TAX WARNING! Capital gains triggered on death and implications on joint tenancy estate planning tool

Topics covered:

  • Everything is deemed to have been sold at market value and repurchased on death, triggering capital gains
  • Joint ownership tax problem – no owner-occupier capital gains tax exemption for non-resident joint owner
  • Joint ownership tax problem – estate (other beneficiaries) pay capital gains tax on testator’s joint ownership interest of non-home property held before death, even though that joint interest passes to survivor.

I slipped it in…a brief tax warning at the tail end of my last column.

Unfair to those struggling to stay awake to the bitter end!

Let’s hit it head on. Buckle up.

But first, if you’re new to my column please read my last two which explain how joint ownership can sidestep probate.

Canada is a fantasy land. A little fairy pops out the moment before we die and waves their magic wand.

Poof!

Everything we own has been sold and repurchased.

I’m not making this up.

Who did we sell everything to? The fair value monster.

The monster pays us fair market value for everything we own.

The home Greg paid $440,000.00 for 10 years ago?

The moment before Greg passes away, the fair value monster purchases it for $900,000.00, the exact amount it would sell for if listed for sale.

Brilliant! No real estate commissions!

But Greg doesn’t get to keep the cash. The party “poofer” is that Greg immediately buys it back for the exact same amount of money.

What does that have to do with tax?

That fanciful little transaction triggered a capital gain.

A capital gain is when you earn money by selling something at a higher price than you bought it for.

The capital gain Greg earned on the fanciful sale of his home was $460,000.00 ($900,000.00 market value minus the $440,000.00 he paid for it 10 years ago).

Thank goodness for the homeowner’s exemption or Greg would have to pay a boatload of tax on that massive capital gain.

Well, not Greg. He’s dead. That tax would be paid out of his estate.

But what if, when Greg purchased his home 10 years ago, he had cleverly transferred title so that it would be held in joint tenancy with his daughters, Maria and Grace, so they would avoid probate fees?

Over those 10 years, Greg owned only 1/3 of his home. As such, the little fairy trick triggers the homeowner exempt capital gain on only the 1/3 owned by Greg.

The joint tenancy trick works. Maria and Grace get the home fully in their names without having to pay probate fees.

But the massive capital gain on the 2/3 of the home Maria and Grace have owned for those 10 years has not yet been triggered.

That massive capital gain will be triggered whenever Maria and Grace sell the home, and they will have to pay an amount of tax that makes probate fees look like chicken feed.

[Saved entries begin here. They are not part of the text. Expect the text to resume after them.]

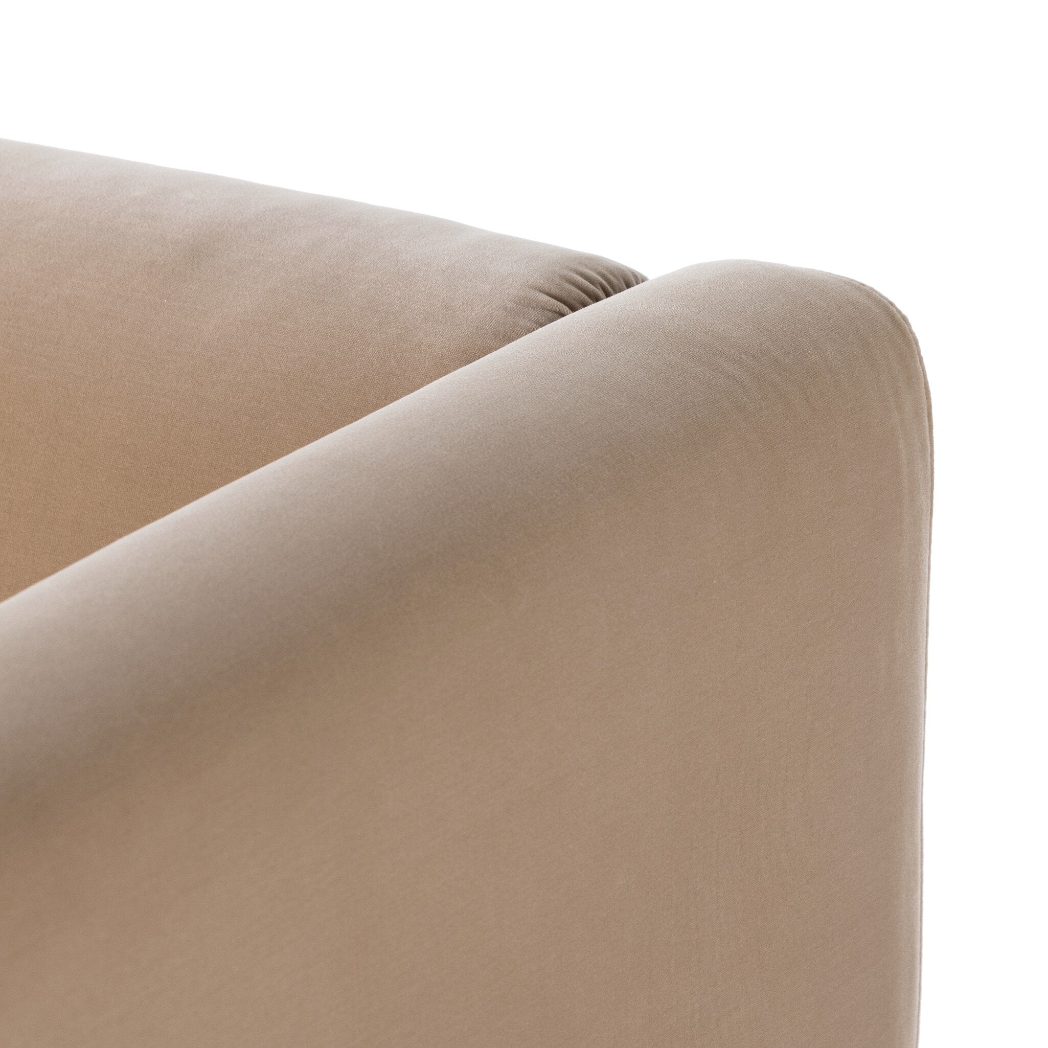 Art Deco gone modern. Velvety taupe upholstery and parawood plinth base fuse for a fresh take on elegant '30s- and '40s-era design.
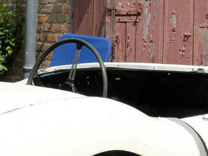 Die Originalfarbe war, wie auf den Bildern zu sehen, Old British White. Hier werden wir in jeden Fall von der Originalität abweichen und Healey Blue oder Ice Blue Metallic verwenden. Alternativ evtl. auch British Racing Green. Mal sehen.
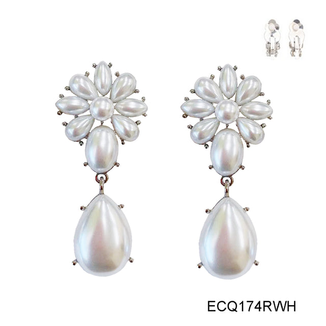 Fashion Pearl Drop Clip-On Earrings #ECQ174RWH White (PC)
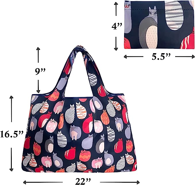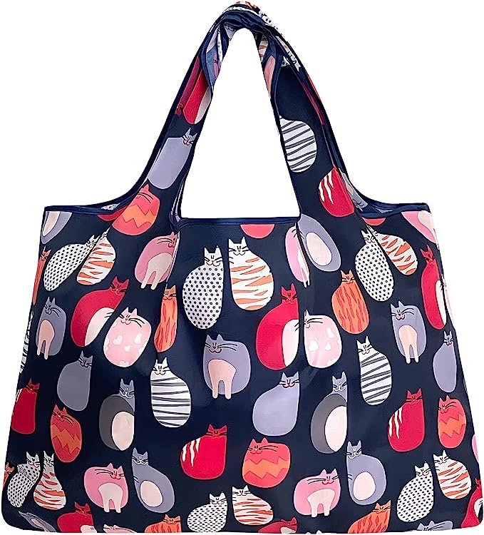 Wrapables Large Foldable Tote Nylon Reusable Grocery Bags, 3 Pack
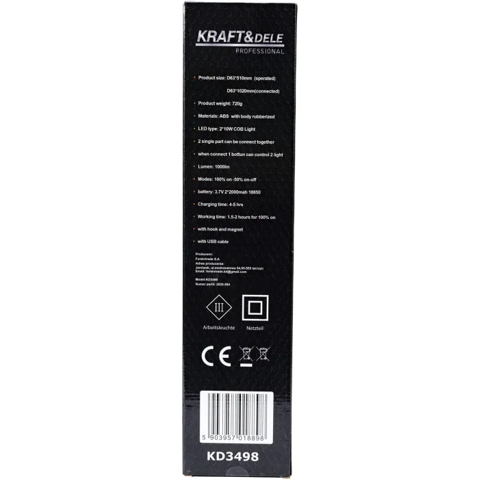 Работна LED лампа KraftDele KD3498/ 2х10W
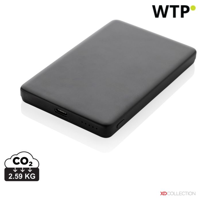 Powerbank ultrasottile da 5.000 mAh con caricatore wireless magnetico da 5W, in lega di alluminio riciclato certificata RCS e plastica ABS riciclata, con batteria in polimero di litio di grado A da 5.000 mAh a lunga durata, indicatori di livello energia, input Type-C 5V/2.4A, output USB C 5V/2A/4A, senza PVC, con cavo di ricarica TPE riciclato certificato RCS, imballaggio misto FSC®.
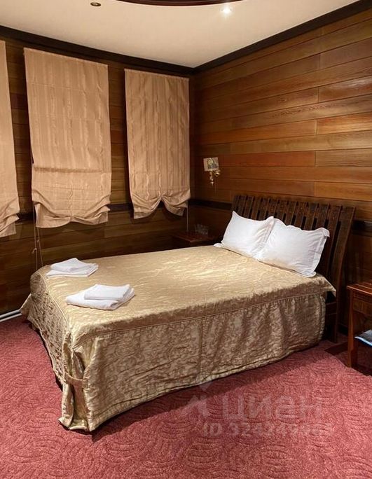 Номер люкс с 1 двуспальной кроватью. В номере: двуспальная кровать, постельное белье, диван, кресла, тумбочка, телевизор.
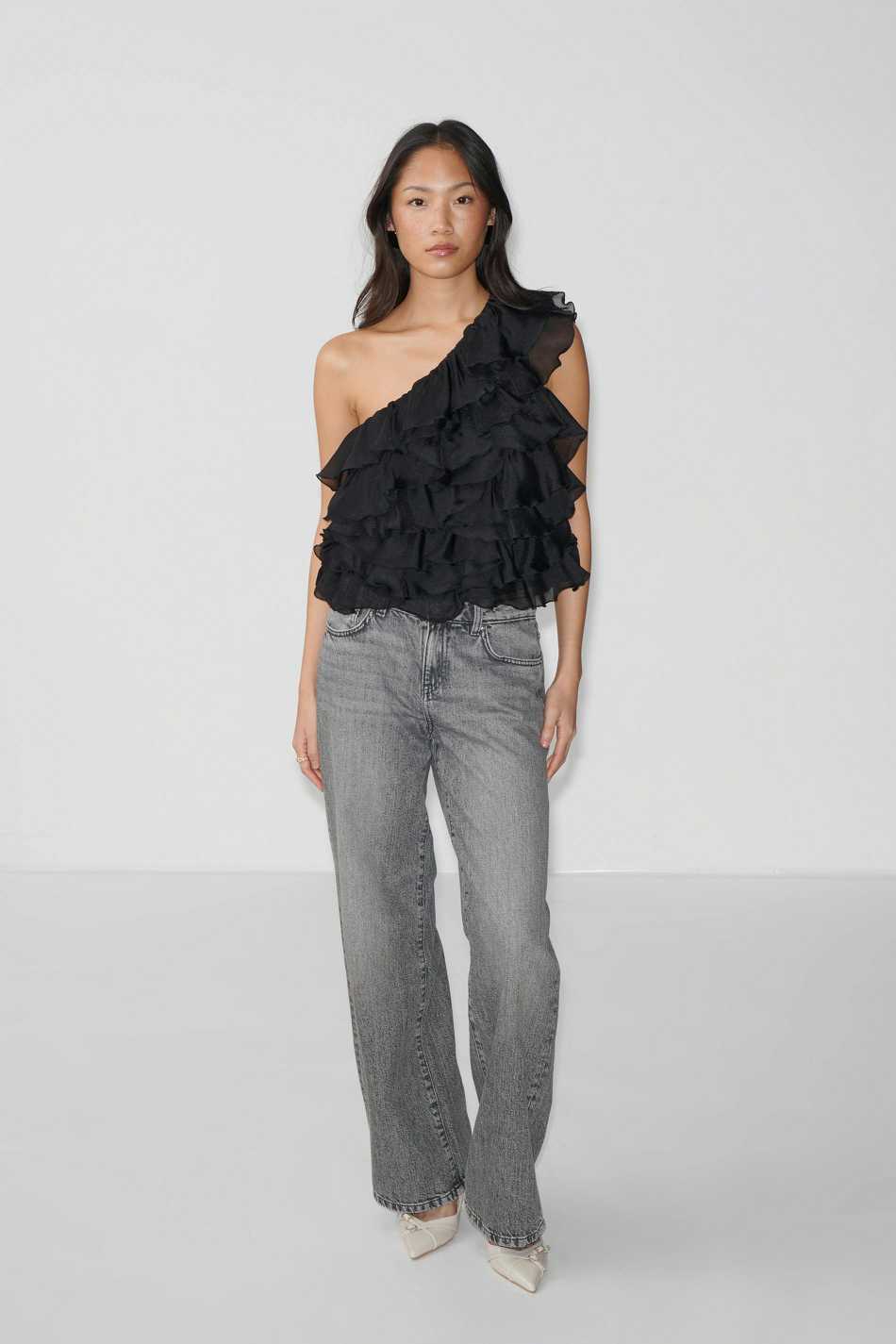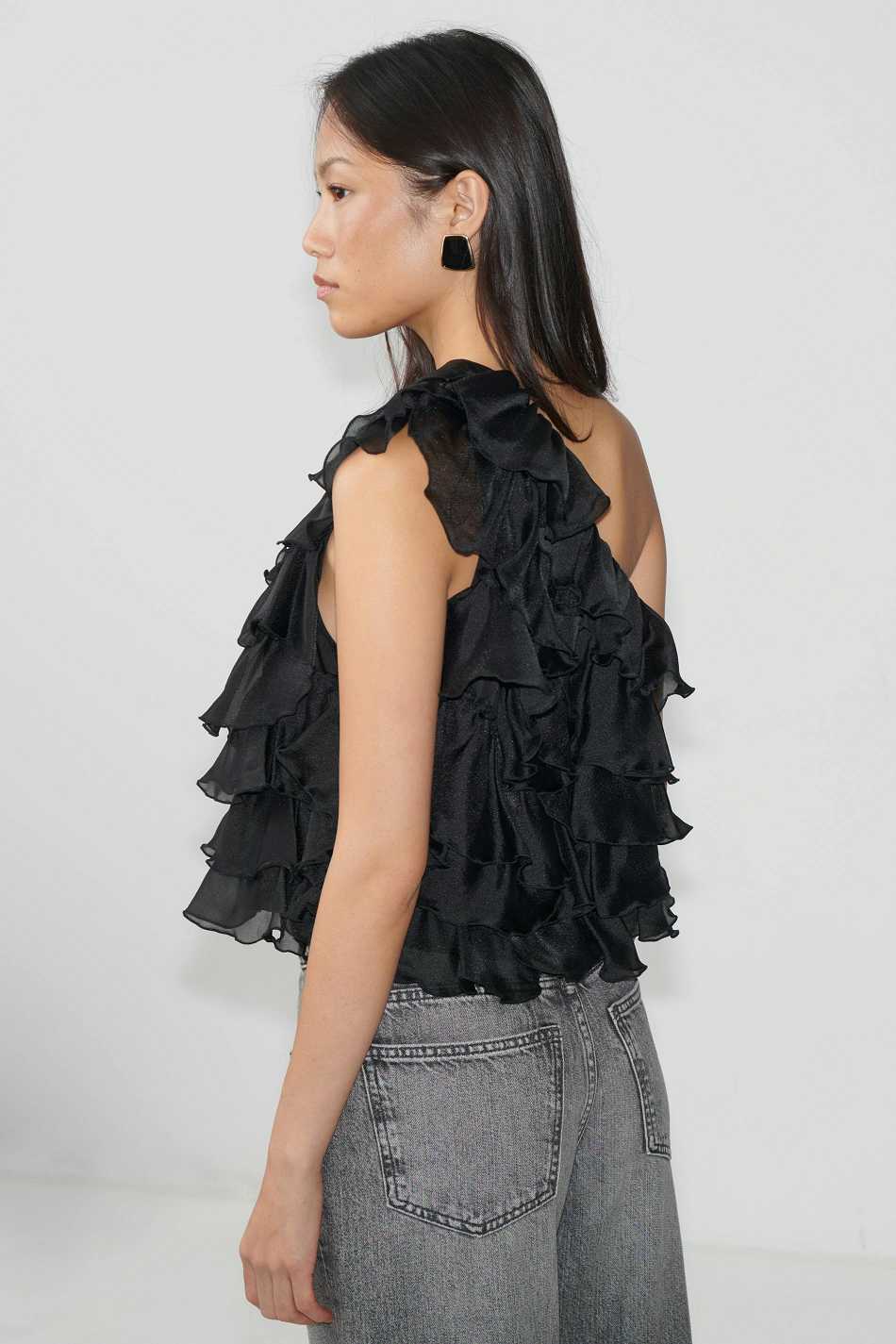 Sleeveless one shoulder top in organza with frills. The top is black and has regular fit.
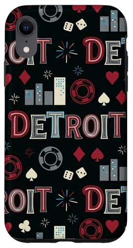 Illustration de répétition Fluide des icônes de la soirée de Jeux du Casino Detroit Skyline Coque pour iPhone XR
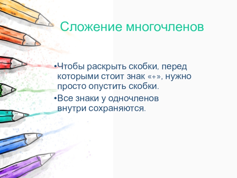 Сложение многочленовЧтобы раскрыть скобки, перед которыми стоит знак «+», нужно просто опустить скобки.Все знаки у одночленов внутри сохраняются.
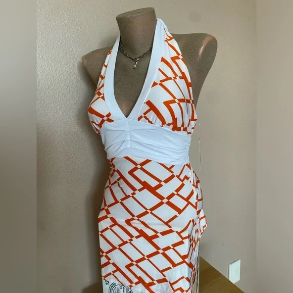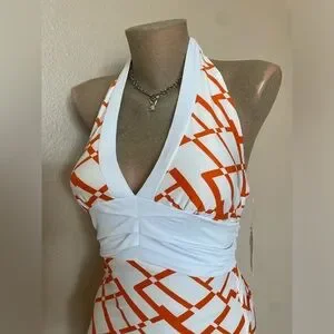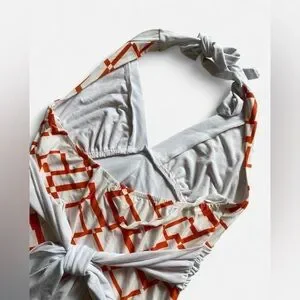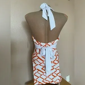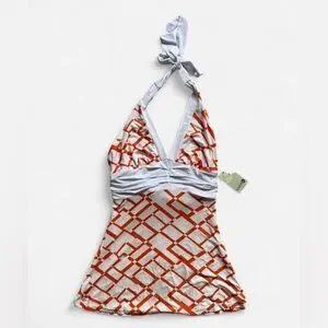 In great condition. New with tags. Tagged a size medium. Pit to pit measures to about 16” flat untied, can fit smaller as the back ties for a more snatched fit. Paper tag, vintage & made in USA. Such pretty colors for summer!!!
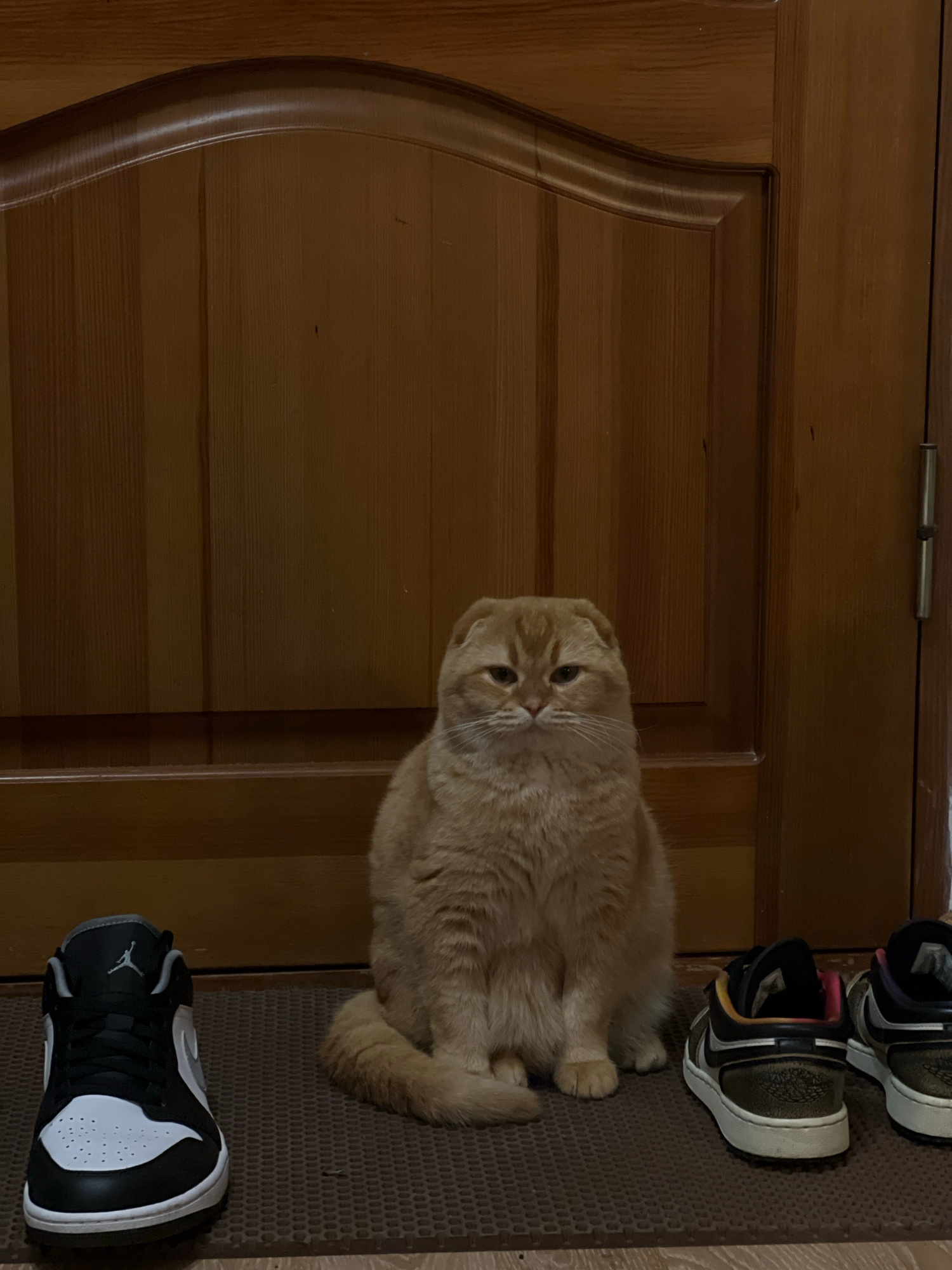 A medium shot depicts a Scottish Fold cat sitting on a doormat with two pairs of sneakers. The cat is orange-beige, facing the camera with a slight head tilt. The doormat is brown. One pair of sneaker…read more
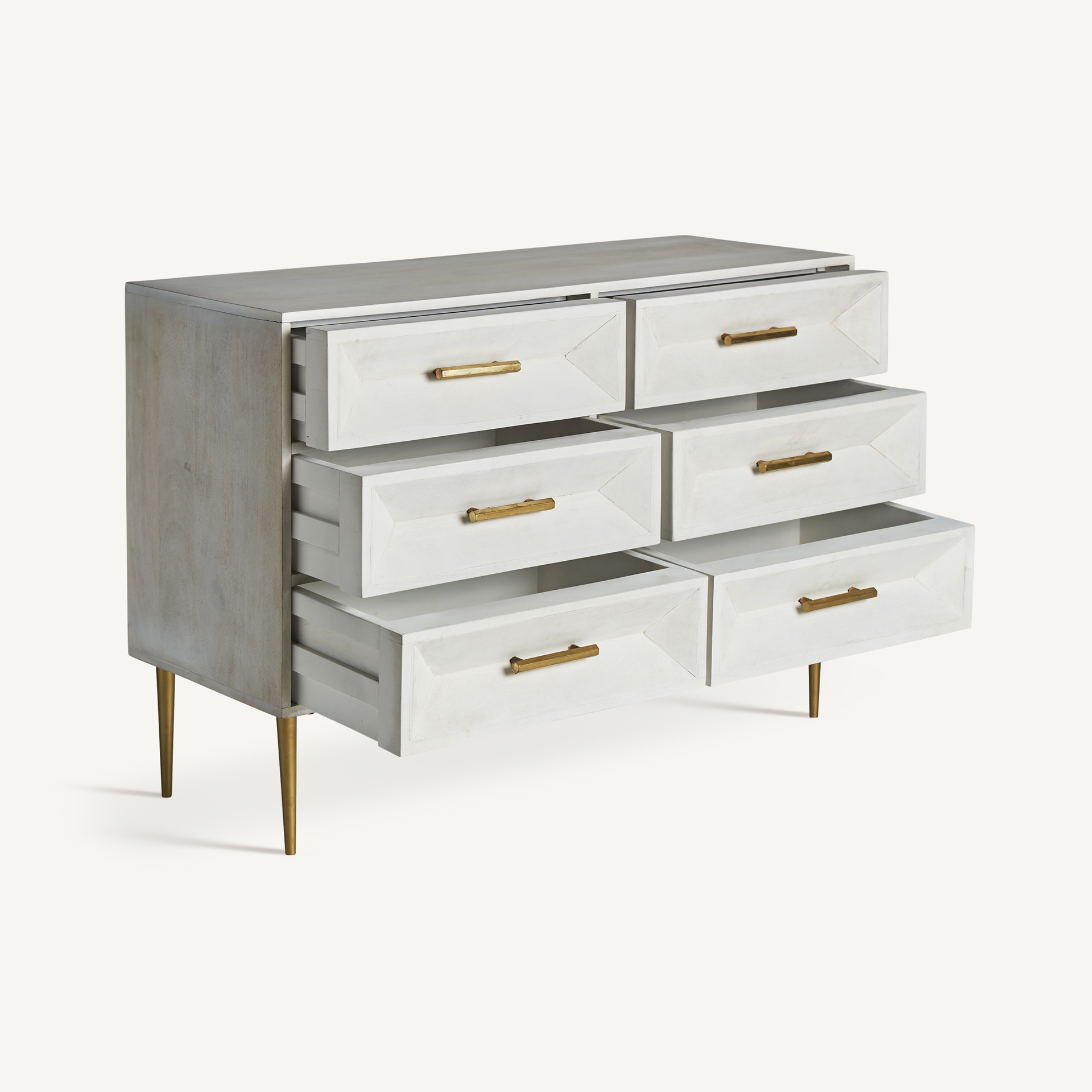 Avec son design intemporel, la commode Kempten s’intègre parfaitement dans divers styles de décoration, tout en étant particulièrement idéale pour ceux qui apprécient le style vintage. Ses tiroirs spacieux et pratiques permettent de ranger vos objets personnels tout en conservant une ambiance ordonnée et élégante dans votre chambre, salon ou entrée. Le contraste subtil entre le manguier et les détails en métal doré accentue le côté chic de cette pièce, tout en mettant en avant la beauté naturelle du bois.
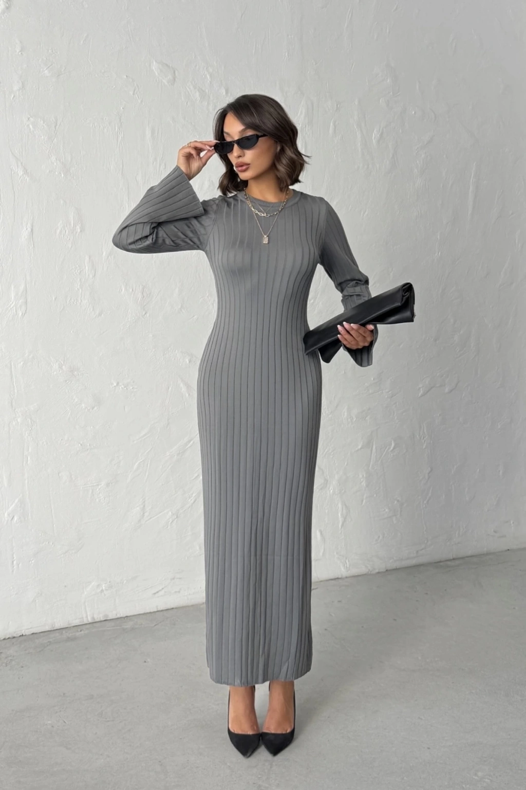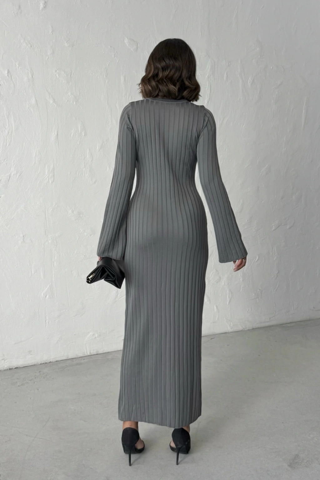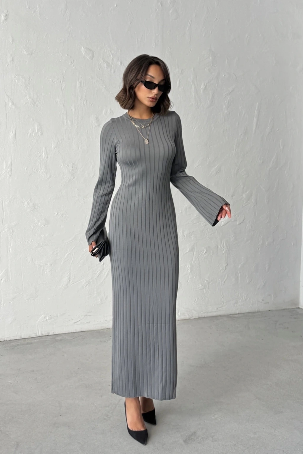 Kadın Gri Uzun kol Şık Zarif Midi Boy Triko Elbise
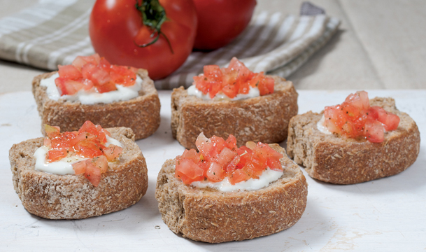 Θα χρειαστείτε: 4 μέτριους ντάκους ολικής αλέσεως 2 μικρές ντομάτες 180 γρ. τυρί φέτα light (11-13% λιπαρά) 4 κ. σ. …
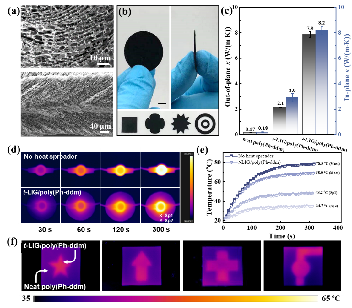 近日,借助激光扫描路径可控的优势,该团队设计制备了图案化多孔石墨烯并探究了其在热管理领域的应用。研究表明,通过二次激光处理,石墨烯的质量大幅度提高,同时多孔结构得以保留。填充树脂后,所制备复合材料的导热系数可以达到8.2 W/(m·K),与纯树脂相比提高了近45倍。不仅如此,通过图案化设计,复合材料的热量传递具有明显的方向性,并且展现出良好的散热效果。与其它图案化石墨烯制备方式相比,激光雕刻技术具有明显的优势。

Does this sound complicated? It gets much, much worse.

Let’s change things around. Instead of an owner-occupied home, it’s Greg’s Big White condo. No homeowner exemption.

And Greg puts the condo in joint names with only Maria because he has other assets of similar value that he’s going to give to Grace in his will.

Maria is happy with getting a $900,000.00 condo because she and her family love to ski.

Grace is happy as well, because she doesn’t like to ski and is getting $900,000.00 of other assets

Hopefully they’re both sad about losing their dad, though!

The moment before Greg dies, the fairy trick triggers a capital gain on Greg’s 50% ownership of the condo. That’s a capital gain of $230,000.00 (50% of the $460,000.00 calculated above).

Whose capital gain is that? It’s Greg’s. And it’s paid out of his estate. That means it’s paid out of the $900,000.00 that was supposed to go to Grace.

Not quite what Greg intended!

I’ve scratched only the surface of consequences of Canada’s little fairy, and only as related to real estate. The fairy’s wand applies to all assets: RRSPs, investment accounts, you name it.

And the fairy doesn’t care about unfairness. There is a risk, with shares in closely held companies, of the fairy trick resulting in tax being paid twice on the same gain!

My head spins when delving into the nuances. And the clever strategies that estate tax accountants come up with to circumvent the fairy.

If you’re feeling the pressing need to consult with an estate tax accountant, I’ve achieved my goal.

Unless you’re way smarter than me and have the time to learn and stay up-to-date about the ever-changing tax laws, it’s dangerous not to get estate tax advice to avoid unfairness and ensure your estate passes the way you intend.